WHAT NEEDS TO BE DONE — Using the listing below, keep only the lines with the word "Grand" and copy them.

AVAILABLE RECORDS —
══════════════════════════════
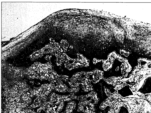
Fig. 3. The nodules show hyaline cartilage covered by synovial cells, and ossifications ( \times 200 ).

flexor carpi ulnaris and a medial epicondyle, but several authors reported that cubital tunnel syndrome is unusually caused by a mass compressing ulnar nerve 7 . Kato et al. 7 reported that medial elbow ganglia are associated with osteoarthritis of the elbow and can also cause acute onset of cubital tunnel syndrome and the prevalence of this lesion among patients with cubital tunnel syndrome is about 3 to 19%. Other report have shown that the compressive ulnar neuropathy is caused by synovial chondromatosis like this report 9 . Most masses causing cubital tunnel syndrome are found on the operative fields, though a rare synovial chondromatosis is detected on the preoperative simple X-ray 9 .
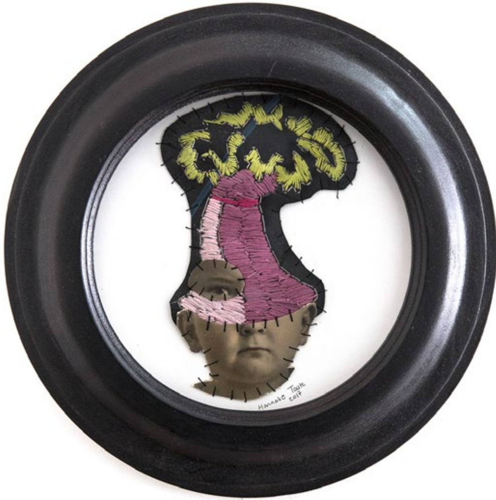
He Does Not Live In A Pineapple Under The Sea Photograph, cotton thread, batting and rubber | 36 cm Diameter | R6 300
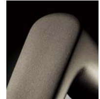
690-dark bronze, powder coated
══════════════════════════════
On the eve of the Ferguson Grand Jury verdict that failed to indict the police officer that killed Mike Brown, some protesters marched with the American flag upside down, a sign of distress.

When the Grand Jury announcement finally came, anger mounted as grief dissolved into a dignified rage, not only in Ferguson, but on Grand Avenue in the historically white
══════════════════════════════
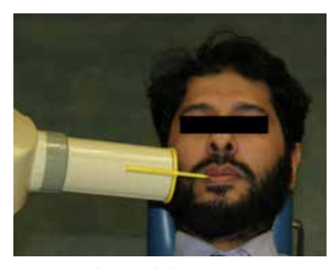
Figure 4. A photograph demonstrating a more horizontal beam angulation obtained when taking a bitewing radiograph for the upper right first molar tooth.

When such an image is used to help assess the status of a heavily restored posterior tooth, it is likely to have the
══════════════════════════════
TASK OUTPUT —
On the eve of the Ferguson Grand Jury verdict that failed to indict the police officer that killed Mike Brown, some protesters marched with the American flag upside down, a sign of distress.
When the Grand Jury announcement finally came, anger mounted as grief dissolved into a dignified rage, not only in Ferguson, but on Grand Avenue in the historically white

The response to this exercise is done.